If you've recently experienced a trauma, you're not alone. Millions of people around the world experience traumatic events every day. But with the right help, it doesn't have to be permanent. The human brain is incredible. With the right help, whatever you're dealing with doesn't have to take over your life. Friends and family are the cornerstone of our support, providing strength, love, and laughter.

Regardless of your age, getting abused is never easy. The trauma must be experienced in order to know it. Evern after therapy we may sometimes hold on to the trauma in our bodies. To help deal with releasing truama in the body, I have designed Project Phoenix. It is a workshop where you can release unwanted emotions in your body that are not allowing you to be free. To know more about Project Phoenix click here.

Here are a few ways of dealing with Trauma Triggers.

  1. Detaching the emotion from the situation or experience will allow you to not feel the trauma intensly. To help you not associate emotions with painful memories, you can try Access Bars or Hypnosis. These techniques help you look at the past experiences from a different perspective and will allow you to remain detached. Learning to see the situation as a third party, like watching a movie, also helps you look at the experience with objectivity.

  2. Invoking inner strength is a very good thing. We all need to remember that we are stronger than we think we are. It helps to remember all the difficulties you have overcome in the past and acknowledge the strength that you have within. You may think you do not have the strength or courage to do what you need to break out of toxic patterns or overcome difficult moments. When you look back in our past, you will release you did bring yourself out of hard times. Acknowledging this will give you the strenght you need.

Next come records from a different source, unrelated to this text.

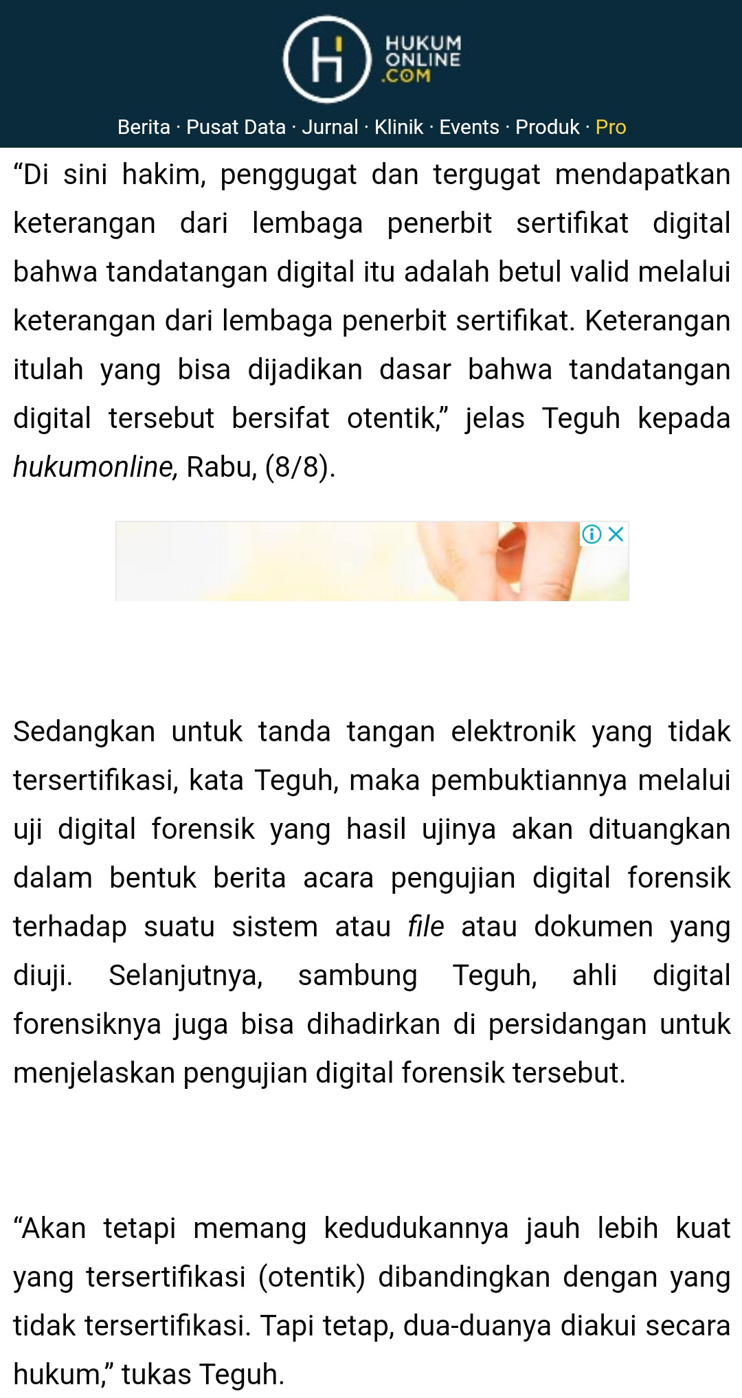 Tanda Tangan Elektronik: Keabsahan dan Pembuktiannya di Hadapan Pengadilan - hukumonline.com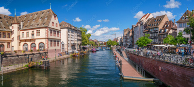 Le Petite France, the most picturesque district of old Strasbourg. Houses along the Ill river channel.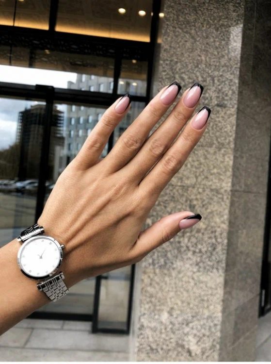 Французький манікюр у чорному кольорі – від такого дизайну складно відмовитись, особливо якщо ви любите мінімалізм. Нічого зайвого, просто замість білого окантування ми спостерігаємо в цьому дизайні насичено чорний, здавалося б, така незначна дрібниця але, незважаючи на це, манікюр виглядає максимально незвичайно.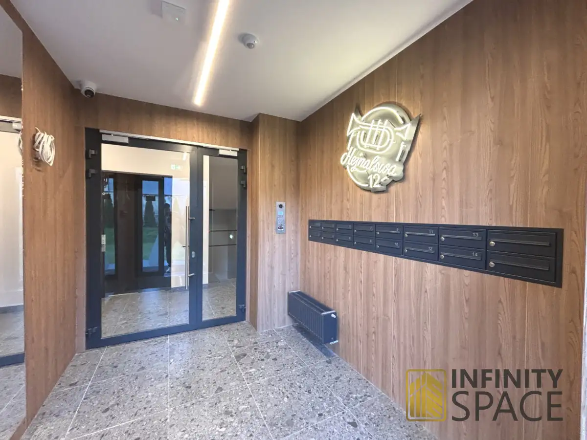 The property is located in a new development at 12 Hejnałowa Street, in the Włochy district (Raków area).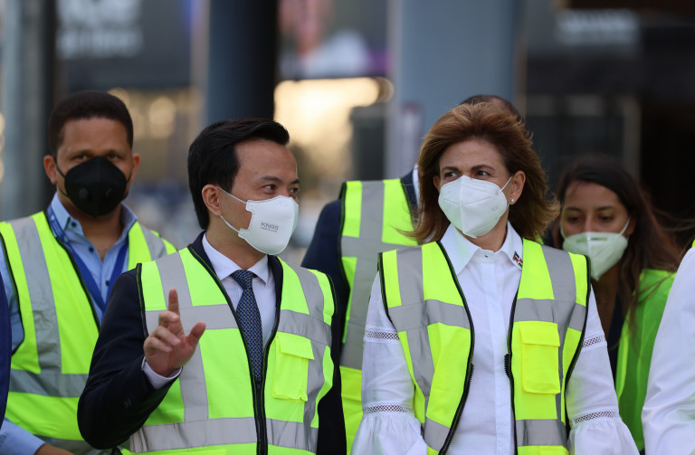 La vicepresidenta Raquel Peña en compañía de Su Excelencia Zhang Run, embajador de la Republica popular China reciben 1,050,000 de dosis de la vacuna contra el COVID-19 a la República Dominicana procedente de China. Aeropuero Internacional Las Americas.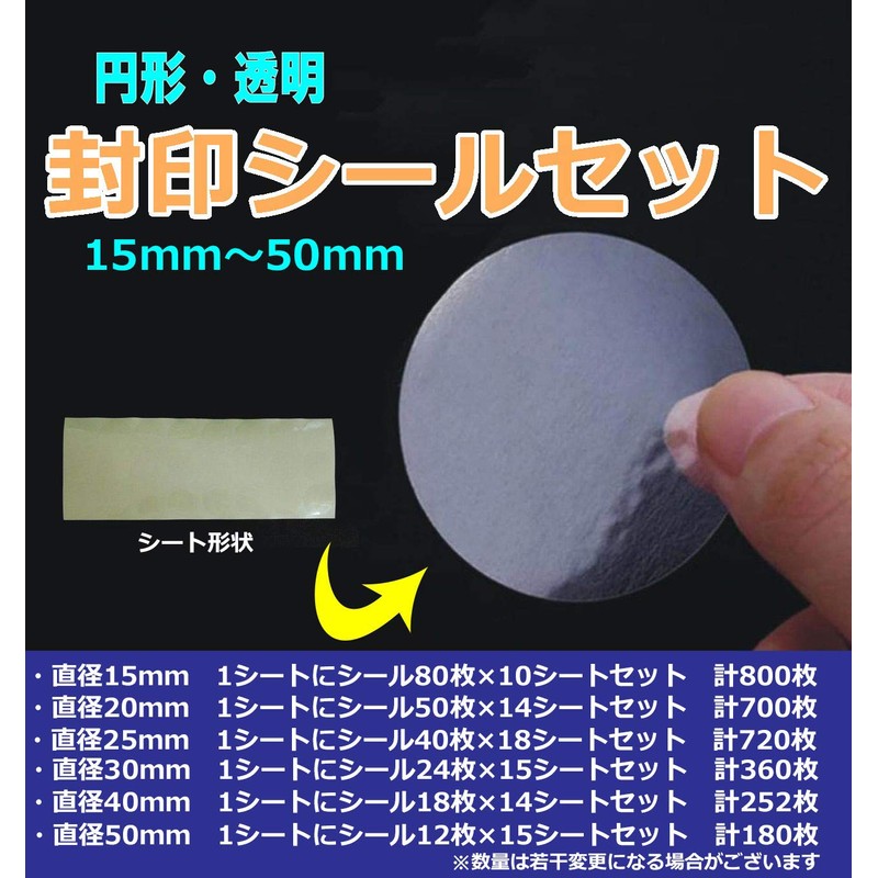 - ■ Diameter 40mm (4cm) transparent seal seal 1 sheet 18 sheets x 14 sheets total 252 pieces ■ Diameter 50mm (5cm) transparent seal stickers 1 sheet 12 sheets x 15 sheets total 180 sheets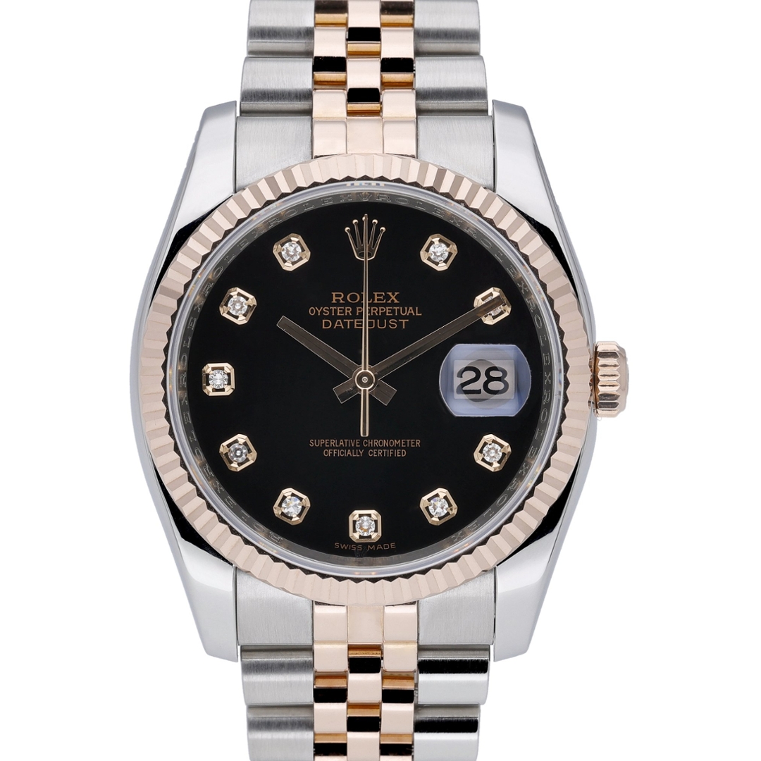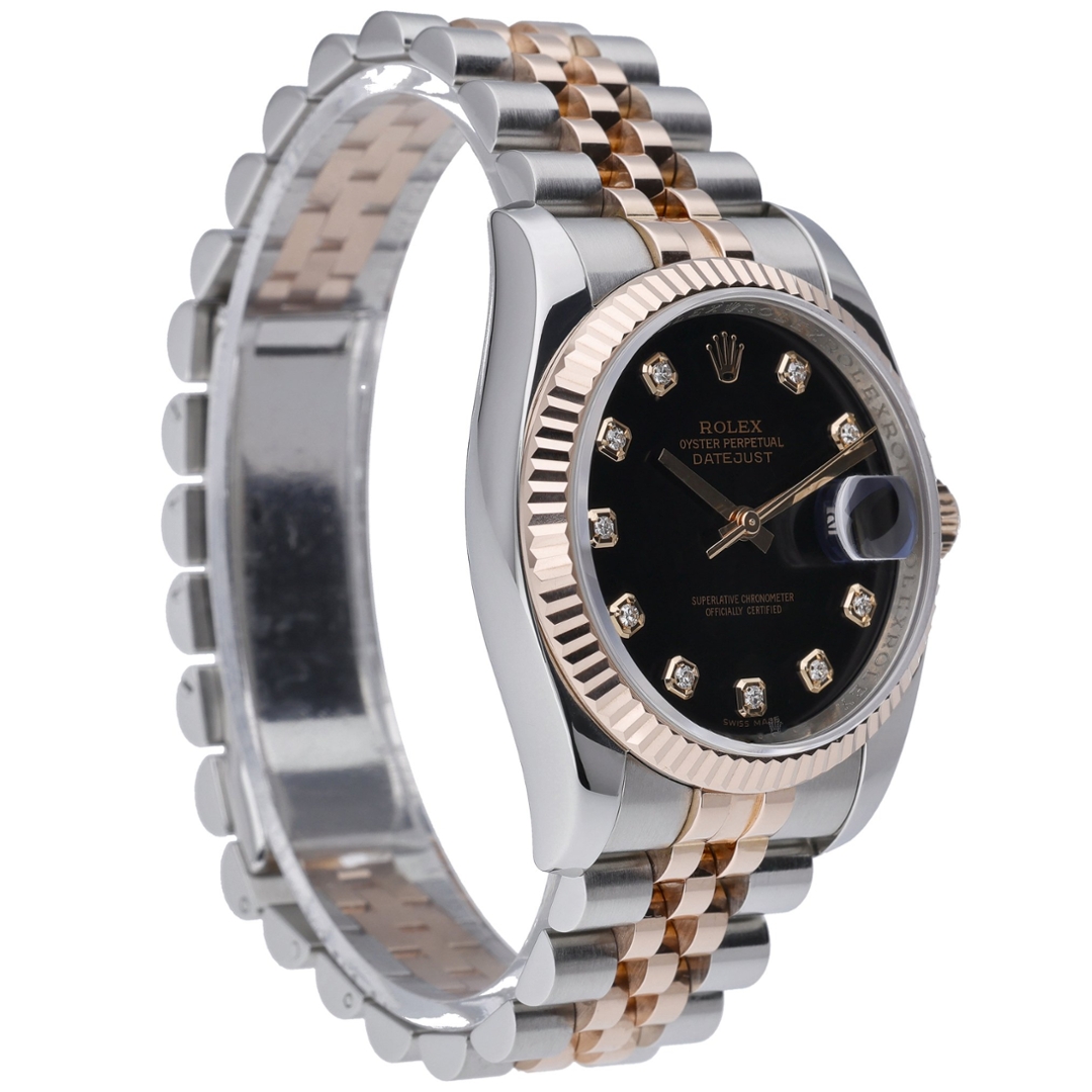A Bi-Metal Rolex Datejust 36 Watch, Stainless Steel & 18ct Rose Gold on a Black Dial with Original Rolex Diamond Numerals

  3. Distracting yourself helps to a certain extent, but it is not always a good thing as it may suppress the emotions that may boil over at another time in the future. However, training your subconscious mind with healthy thought patterns and methods to address triggers is very helpful. If you are triggered by a person or a situation, learning to recognise your triggers and being prepared with a set of responses will help you feel more in control. This comes with a lot of self work and forging a deep relationship with one's self. All you need to do is spend time with yourself and ask when and how or by who or what are you triggered. Once you have a list, then decide what is the most appropriate way to respond to a trigger. Once you know this, it gets easier. After a point you will stop reacting to these triggers.

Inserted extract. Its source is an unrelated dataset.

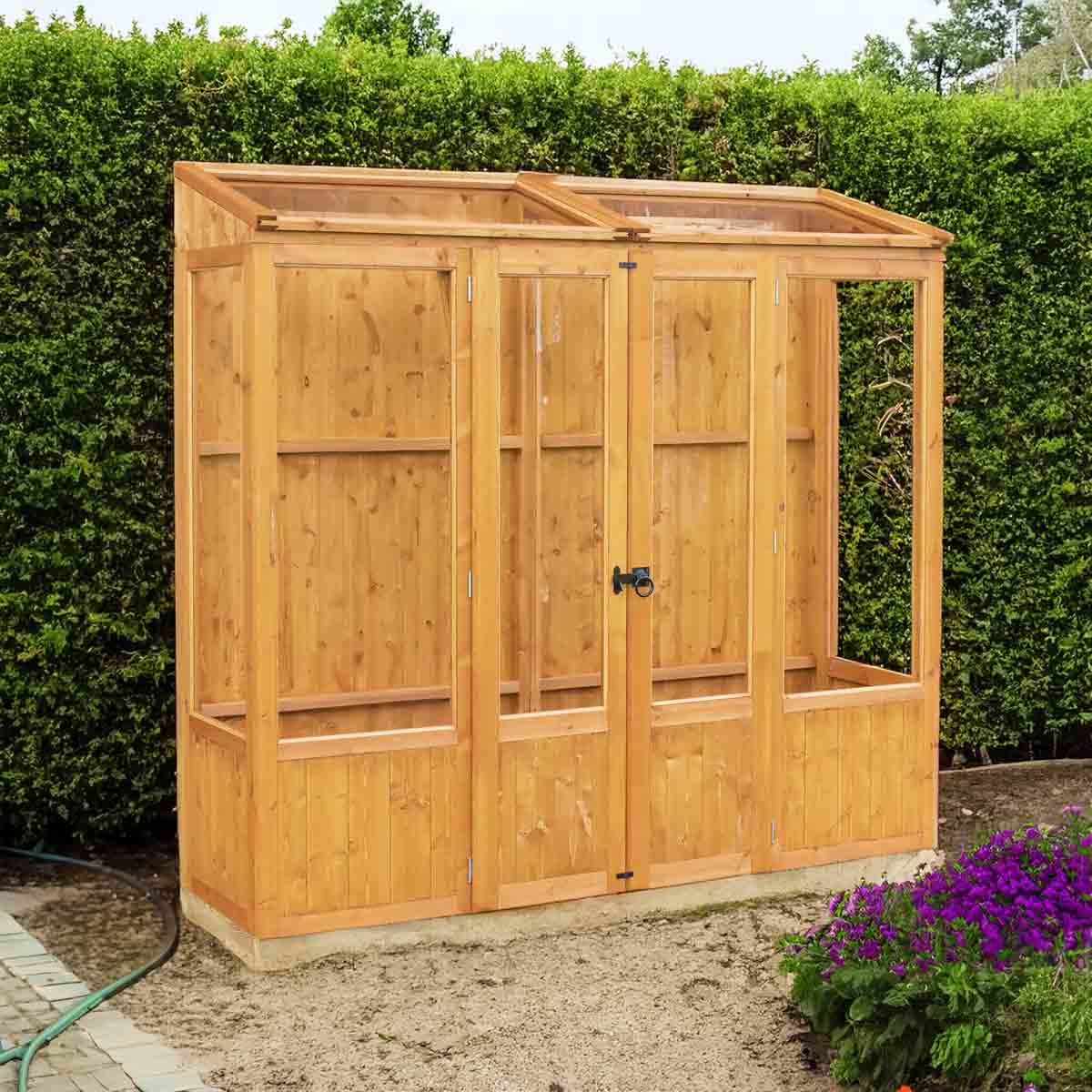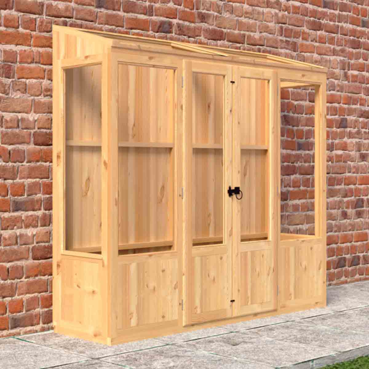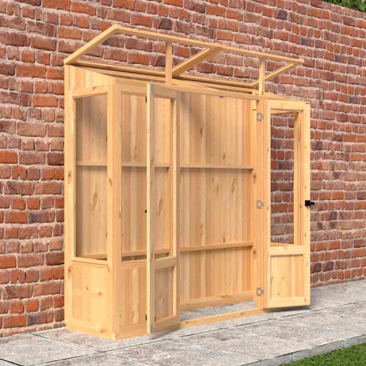 The Holme is a very practical lean to greenhouse which will provide all the advantages of a timber greenhouse in a compact size to suit many locations. The low wooden T&G panels add a very traditional detail to this functional design. The Holme will make a feature of a plain wall as well as being a great asset if you "Grow Your Own". The greenhouse is glazed with toughened glass and has a double door for easy access, fitted with a traditional gate latch handle. The roof can be opened on a hot day to provide excellent ventilation. As usual with a greenhouse, no floor is supplied and the greenhouse sits on a pressure treated base rail. Manufactured in the UK from high grade Northern European, timber and finished with a honey brown basecoat preservative treatment ready for your own top coat of wood paint or stain following assembly. All fixings and assembly instructions are provided. Imperial measurements are rounded so please refer to the metric sizes for accuracy. Allowance should be made for the roof overhang and for access around the outside during construction and subsequent treatment. Following your order, you will be sent a link to choose your delivery day. On the morning of delivery you will also receive live tracking information. Before you assemble your greenhouse , you will need a base which is flat and level to a sufficient size. Grass, soil or gravel are not sufficient as they will move with the weight of a building.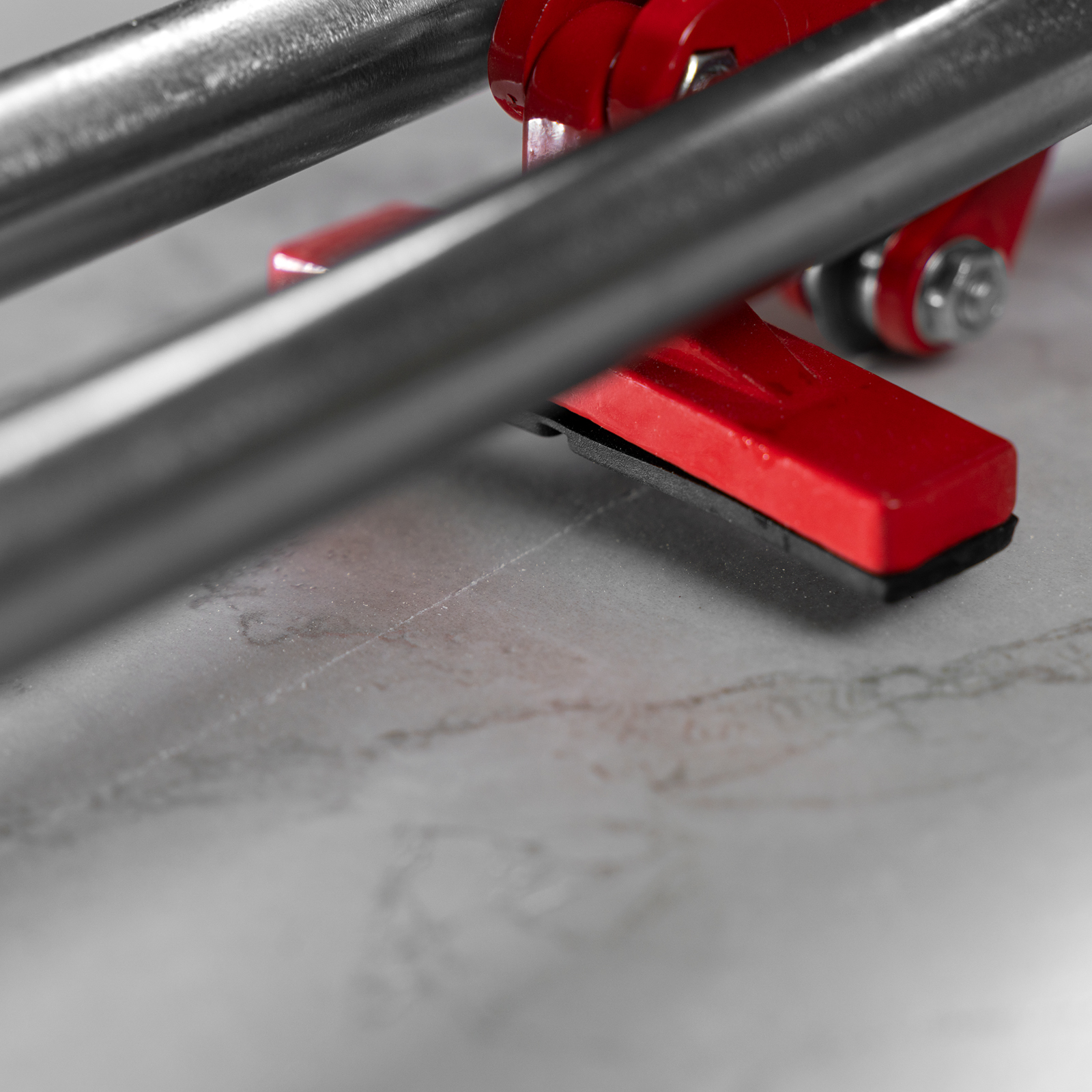 • Устойчивое основание и неподвижность плитки — плиткорез снабжен цельнолитой станиной из алюминиево-магниевого сплава с обрезиненной поверхностью, а также мягкими амортизирующими накладками.

  4. Lifestyle is very important. From giving gratitude to the Universe as soon as you wake up to all the things you do during the day sets the tone for your day, your week, your month and your year. Having a routine helps calm people with PTSD and other trauma related issues. Knowing the pattern of the day allows you to be more in control and may leave you with fewer chances of being triggered.

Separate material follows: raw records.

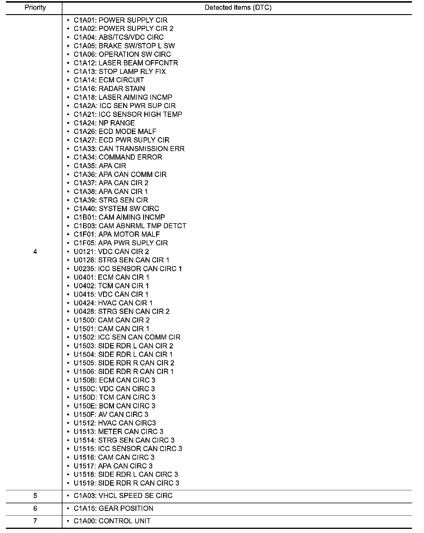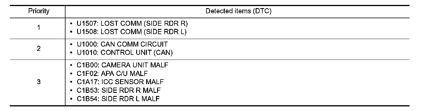 If multiple DTCs are detected simultaneously, check them one by one depending on the following DTC inspection priority chart.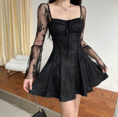 Lace Square Collar Dress Bell-bottom Long Sleeve Women Top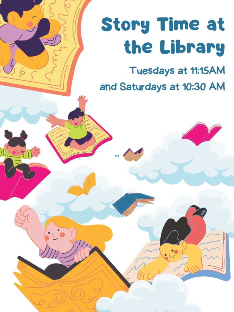 The weekly Storytime sessions continue on Tuesdays at 11:15 a.m. and Saturdays at 10:30 a.m. Children can listen to a story and take part in a craft activity with the library’s programmer. All ages are welcome, with parent supervision required for children under 12.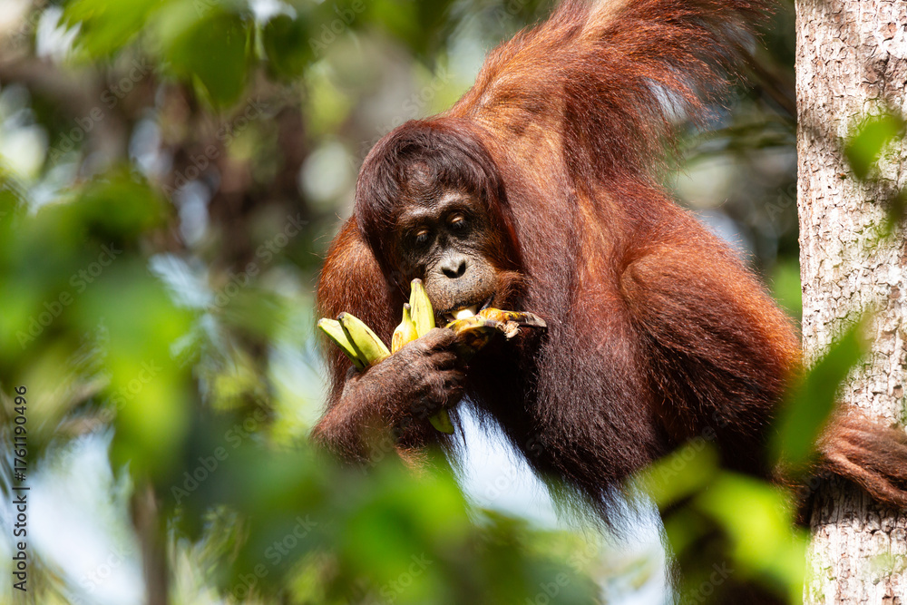 Orange Borneon orangutan Pongo pygmaeus eating bananas on a tree. Tanjung Puting National park, Indonesia

Accepting yourself for all that you are is important. However, many choose to use past hurt as an excuse to remain in a state of flux. Not willing to move forward and truly enjoy life. Some may use past trauma/hurt as bargaining cards in relationships. Recognise these patterns within you. It does not make you a bad person or a manipulative one. However, it will prevent you from truly healing and living a life of joy and happiness.